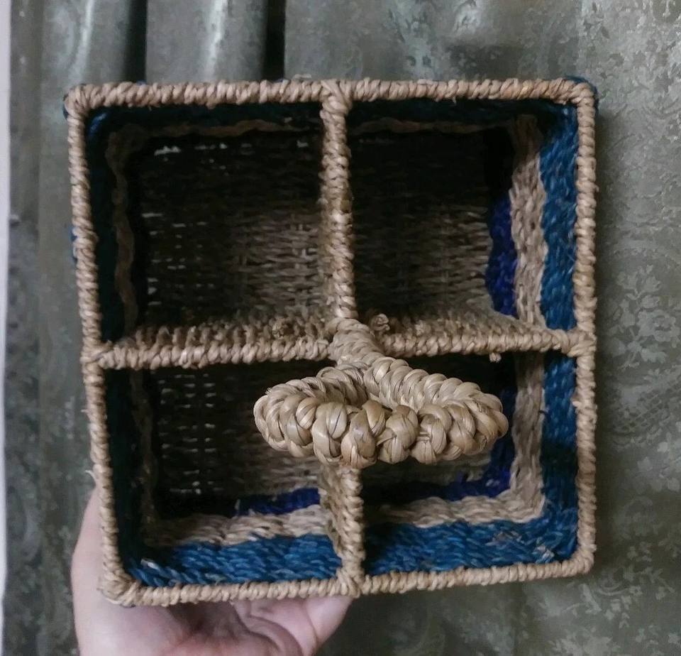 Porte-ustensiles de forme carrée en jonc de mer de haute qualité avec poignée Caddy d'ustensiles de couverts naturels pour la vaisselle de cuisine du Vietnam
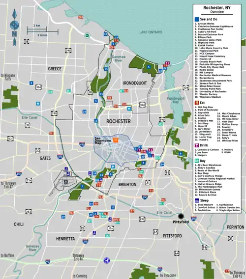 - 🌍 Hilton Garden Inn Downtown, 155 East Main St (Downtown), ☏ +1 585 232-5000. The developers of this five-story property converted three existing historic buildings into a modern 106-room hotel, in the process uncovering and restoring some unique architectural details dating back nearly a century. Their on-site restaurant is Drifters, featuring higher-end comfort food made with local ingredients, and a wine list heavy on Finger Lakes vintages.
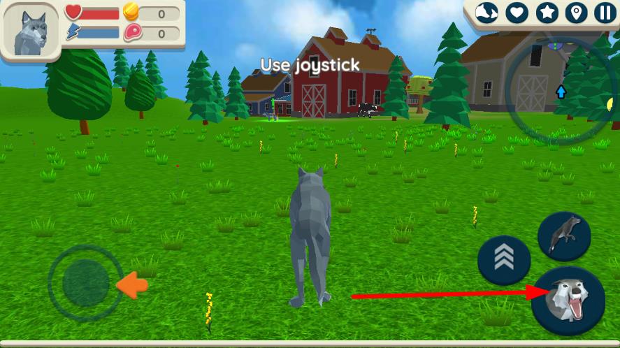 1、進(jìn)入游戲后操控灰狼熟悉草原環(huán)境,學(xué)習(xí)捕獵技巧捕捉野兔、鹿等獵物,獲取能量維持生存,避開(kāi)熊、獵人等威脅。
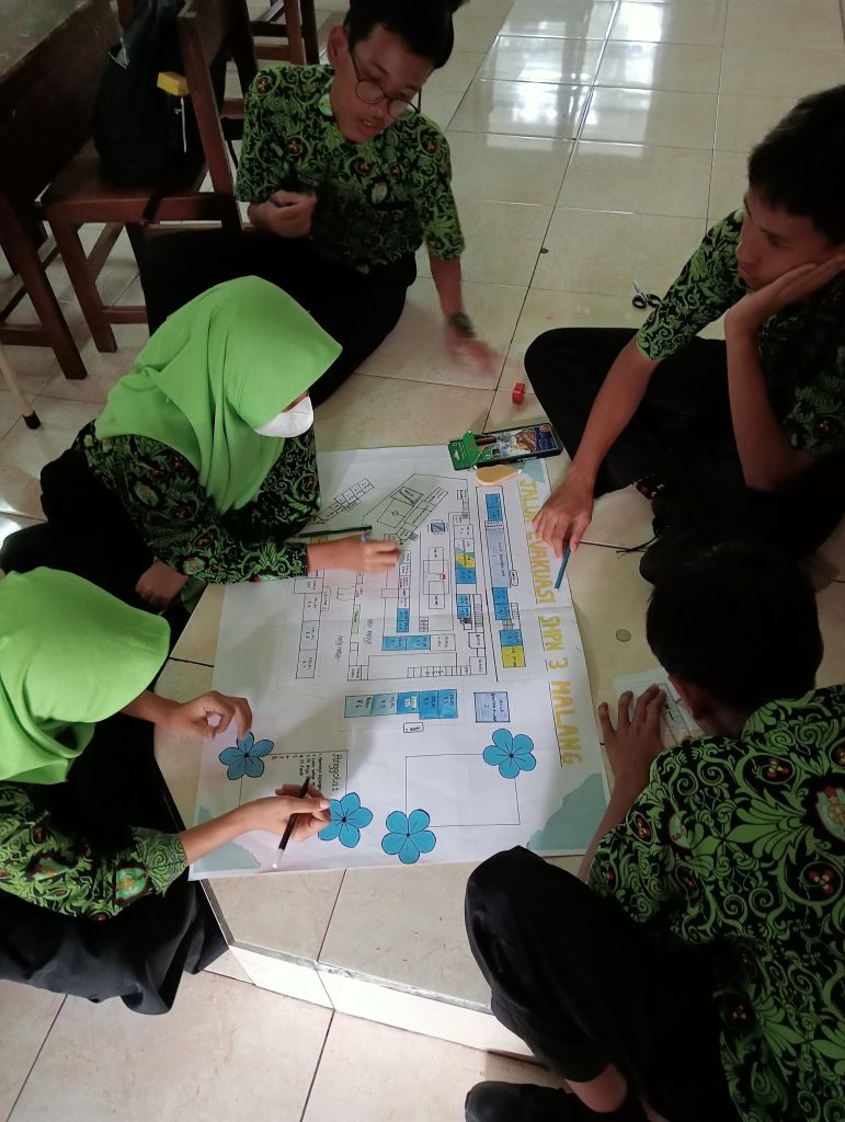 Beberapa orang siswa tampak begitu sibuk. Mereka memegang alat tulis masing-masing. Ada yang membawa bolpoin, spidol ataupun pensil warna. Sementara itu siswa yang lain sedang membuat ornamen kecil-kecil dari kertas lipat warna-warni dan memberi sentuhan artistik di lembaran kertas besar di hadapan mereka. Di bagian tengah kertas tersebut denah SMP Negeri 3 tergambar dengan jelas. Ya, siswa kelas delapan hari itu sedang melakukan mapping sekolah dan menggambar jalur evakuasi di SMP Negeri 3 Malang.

What is being asked: The answer must be the full listing above, copied exactly, with no pictures in it.

Your solution:
 Porte-ustensiles de forme carrée en jonc de mer de haute qualité avec poignée Caddy d'ustensiles de couverts naturels pour la vaisselle de cuisine du Vietnam
 - 🌍 Hilton Garden Inn Downtown, 155 East Main St (Downtown), ☏ +1 585 232-5000. The developers of this five-story property converted three existing historic buildings into a modern 106-room hotel, in the process uncovering and restoring some unique architectural details dating back nearly a century. Their on-site restaurant is Drifters, featuring higher-end comfort food made with local ingredients, and a wine list heavy on Finger Lakes vintages.
 1、進(jìn)入游戲后操控灰狼熟悉草原環(huán)境,學(xué)習(xí)捕獵技巧捕捉野兔、鹿等獵物,獲取能量維持生存,避開(kāi)熊、獵人等威脅。
 Beberapa orang siswa tampak begitu sibuk. Mereka memegang alat tulis masing-masing. Ada yang membawa bolpoin, spidol ataupun pensil warna. Sementara itu siswa yang lain sedang membuat ornamen kecil-kecil dari kertas lipat warna-warni dan memberi sentuhan artistik di lembaran kertas besar di hadapan mereka. Di bagian tengah kertas tersebut denah SMP Negeri 3 tergambar dengan jelas. Ya, siswa kelas delapan hari itu sedang melakukan mapping sekolah dan menggambar jalur evakuasi di SMP Negeri 3 Malang.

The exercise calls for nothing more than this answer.